◆ YOUR OBJECTIVE
Among the entries that follow, locate the line with "德国(Burkhardt L" and the line with "- 系统用户:可对学生用户、". Output those lines and all lines in between, exactly, minus the pictures.

------ EXTRACTED DATA ------

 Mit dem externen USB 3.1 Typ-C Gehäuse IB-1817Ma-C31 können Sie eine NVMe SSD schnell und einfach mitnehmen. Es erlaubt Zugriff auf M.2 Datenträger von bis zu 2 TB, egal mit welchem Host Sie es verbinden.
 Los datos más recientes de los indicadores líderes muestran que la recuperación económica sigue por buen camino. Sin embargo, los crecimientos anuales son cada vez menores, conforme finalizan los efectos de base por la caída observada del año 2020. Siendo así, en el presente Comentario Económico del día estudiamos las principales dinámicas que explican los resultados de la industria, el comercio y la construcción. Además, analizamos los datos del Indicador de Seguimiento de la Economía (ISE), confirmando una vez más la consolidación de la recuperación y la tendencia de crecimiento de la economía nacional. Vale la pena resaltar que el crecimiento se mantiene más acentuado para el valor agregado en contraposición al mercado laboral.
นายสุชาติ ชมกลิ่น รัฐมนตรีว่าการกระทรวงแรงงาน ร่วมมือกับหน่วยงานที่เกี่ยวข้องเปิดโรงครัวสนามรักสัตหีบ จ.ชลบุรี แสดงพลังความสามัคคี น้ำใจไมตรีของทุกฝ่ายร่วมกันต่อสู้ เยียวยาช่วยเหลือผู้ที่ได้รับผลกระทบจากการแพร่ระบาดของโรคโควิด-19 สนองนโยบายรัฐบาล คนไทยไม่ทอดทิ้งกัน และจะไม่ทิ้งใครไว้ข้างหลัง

------
------ EXTRACTED DATA ------

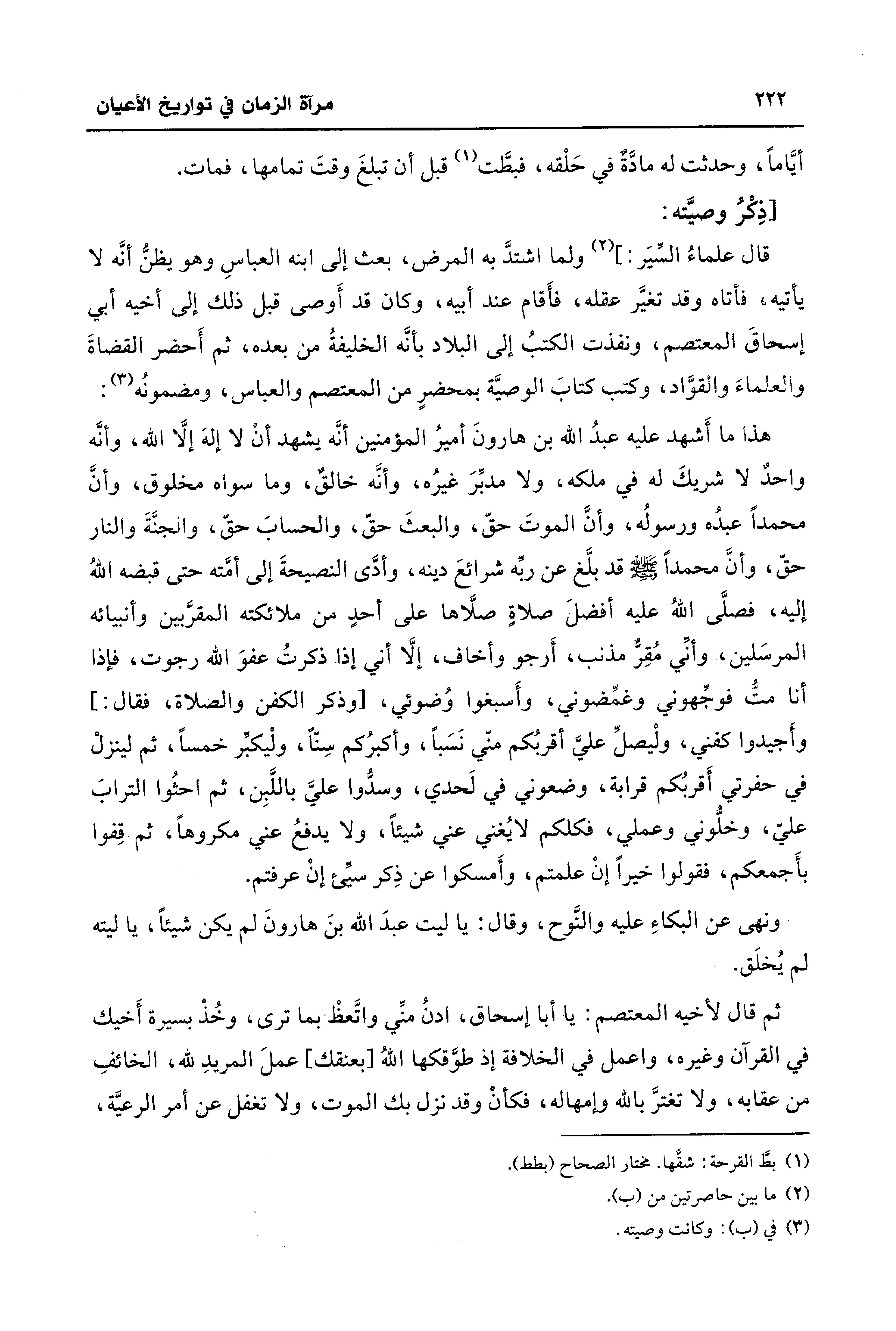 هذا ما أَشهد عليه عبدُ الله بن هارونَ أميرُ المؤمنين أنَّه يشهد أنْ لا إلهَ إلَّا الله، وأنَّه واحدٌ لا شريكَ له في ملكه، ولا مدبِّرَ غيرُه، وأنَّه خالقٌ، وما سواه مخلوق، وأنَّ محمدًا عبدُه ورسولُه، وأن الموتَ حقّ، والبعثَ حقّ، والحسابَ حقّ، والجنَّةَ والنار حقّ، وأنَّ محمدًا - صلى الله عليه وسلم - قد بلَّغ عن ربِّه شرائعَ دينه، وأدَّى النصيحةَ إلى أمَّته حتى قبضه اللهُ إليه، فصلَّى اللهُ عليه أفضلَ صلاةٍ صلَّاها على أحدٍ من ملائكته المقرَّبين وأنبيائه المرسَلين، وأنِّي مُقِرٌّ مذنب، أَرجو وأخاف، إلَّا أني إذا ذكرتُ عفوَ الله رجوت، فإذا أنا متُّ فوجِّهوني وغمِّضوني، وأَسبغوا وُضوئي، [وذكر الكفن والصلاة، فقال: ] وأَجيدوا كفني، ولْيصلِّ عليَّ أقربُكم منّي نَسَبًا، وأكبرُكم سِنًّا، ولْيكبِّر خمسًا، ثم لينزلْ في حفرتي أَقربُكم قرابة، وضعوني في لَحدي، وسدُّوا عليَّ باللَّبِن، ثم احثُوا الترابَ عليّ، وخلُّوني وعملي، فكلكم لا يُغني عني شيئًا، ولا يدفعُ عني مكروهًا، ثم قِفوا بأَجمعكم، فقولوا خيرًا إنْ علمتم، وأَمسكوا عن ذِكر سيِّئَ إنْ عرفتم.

------
------ EXTRACTED DATA ------

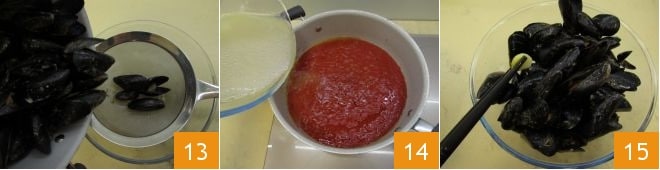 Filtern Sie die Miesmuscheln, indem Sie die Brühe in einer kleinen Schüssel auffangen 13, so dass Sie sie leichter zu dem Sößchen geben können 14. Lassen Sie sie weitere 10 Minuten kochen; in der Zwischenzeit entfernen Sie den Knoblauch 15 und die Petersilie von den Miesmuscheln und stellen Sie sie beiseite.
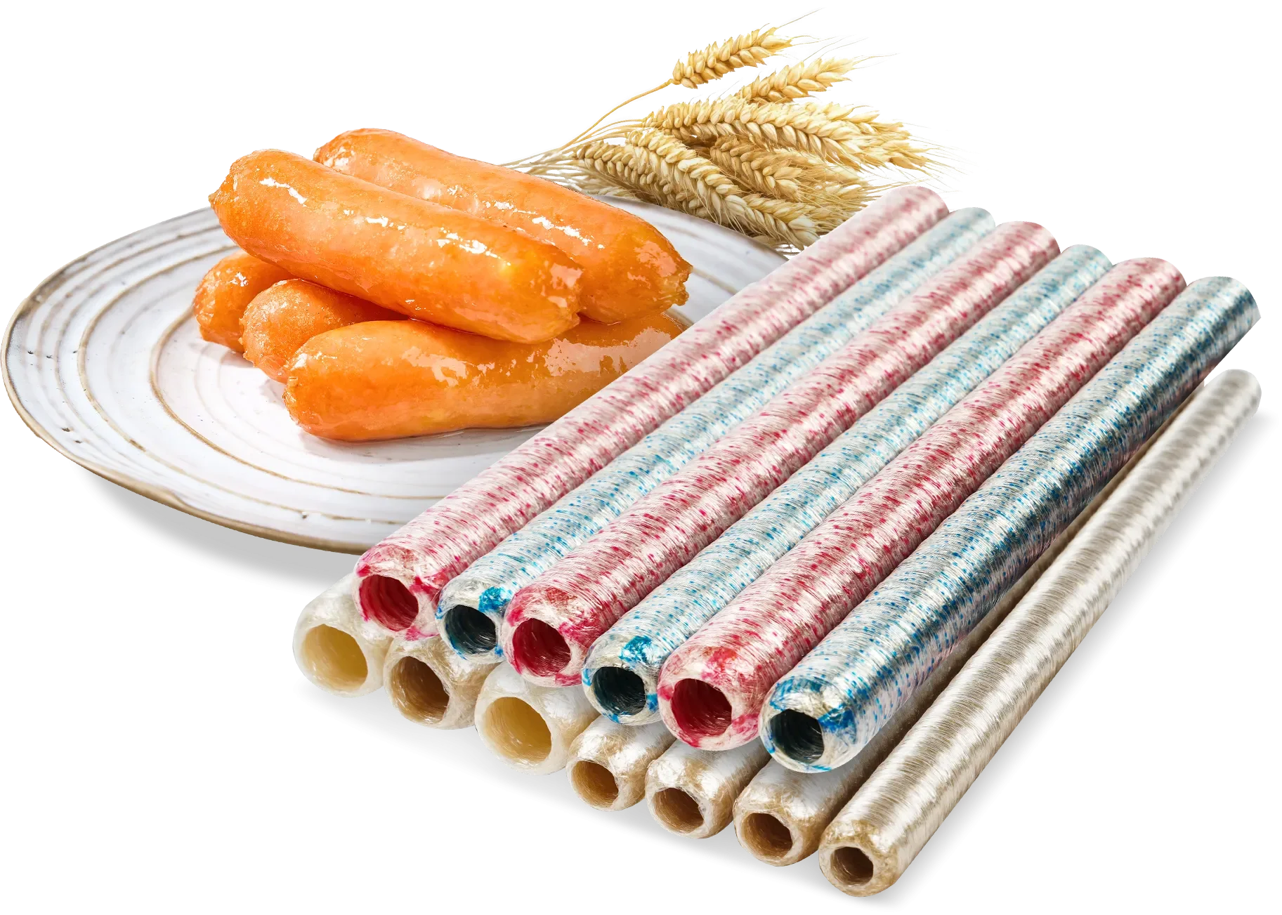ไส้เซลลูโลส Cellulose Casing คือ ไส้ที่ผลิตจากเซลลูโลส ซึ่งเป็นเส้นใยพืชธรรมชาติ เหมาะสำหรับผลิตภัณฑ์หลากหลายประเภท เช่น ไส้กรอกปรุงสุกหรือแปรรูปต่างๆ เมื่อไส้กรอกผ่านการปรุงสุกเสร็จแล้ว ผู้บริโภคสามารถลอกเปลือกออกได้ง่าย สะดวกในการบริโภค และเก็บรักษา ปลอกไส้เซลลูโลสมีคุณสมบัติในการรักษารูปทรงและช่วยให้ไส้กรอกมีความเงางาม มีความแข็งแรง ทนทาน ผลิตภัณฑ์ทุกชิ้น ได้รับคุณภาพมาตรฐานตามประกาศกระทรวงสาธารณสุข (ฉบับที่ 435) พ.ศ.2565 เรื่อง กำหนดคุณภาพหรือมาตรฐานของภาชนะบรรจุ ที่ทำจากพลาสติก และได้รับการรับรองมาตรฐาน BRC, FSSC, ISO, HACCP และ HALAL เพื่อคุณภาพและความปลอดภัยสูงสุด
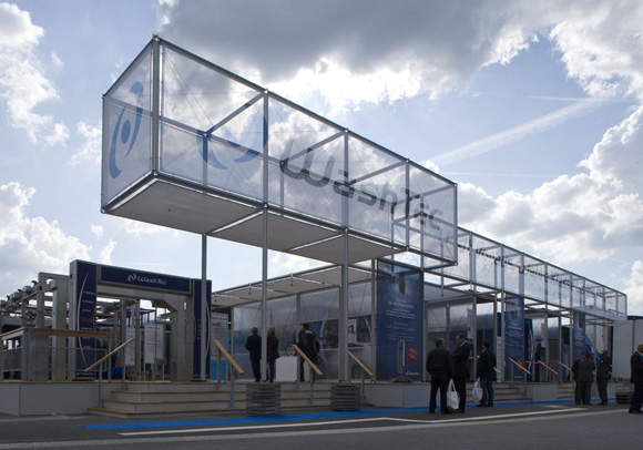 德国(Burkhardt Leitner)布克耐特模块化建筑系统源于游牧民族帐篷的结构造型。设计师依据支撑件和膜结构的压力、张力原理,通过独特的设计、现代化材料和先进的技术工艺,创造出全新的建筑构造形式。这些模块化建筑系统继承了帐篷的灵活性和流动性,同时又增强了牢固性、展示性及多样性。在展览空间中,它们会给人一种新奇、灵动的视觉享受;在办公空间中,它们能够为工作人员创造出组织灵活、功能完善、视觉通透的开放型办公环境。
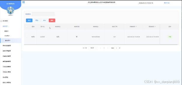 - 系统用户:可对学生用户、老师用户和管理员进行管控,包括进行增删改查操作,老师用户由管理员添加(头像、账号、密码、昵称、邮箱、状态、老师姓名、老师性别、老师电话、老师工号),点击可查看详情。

------

◆ PROBLEM SOLUTION
 德国(Burkhardt Leitner)布克耐特模块化建筑系统源于游牧民族帐篷的结构造型。设计师依据支撑件和膜结构的压力、张力原理,通过独特的设计、现代化材料和先进的技术工艺,创造出全新的建筑构造形式。这些模块化建筑系统继承了帐篷的灵活性和流动性,同时又增强了牢固性、展示性及多样性。在展览空间中,它们会给人一种新奇、灵动的视觉享受;在办公空间中,它们能够为工作人员创造出组织灵活、功能完善、视觉通透的开放型办公环境。
 - 系统用户:可对学生用户、老师用户和管理员进行管控,包括进行增删改查操作,老师用户由管理员添加(头像、账号、密码、昵称、邮箱、状态、老师姓名、老师性别、老师电话、老师工号),点击可查看详情。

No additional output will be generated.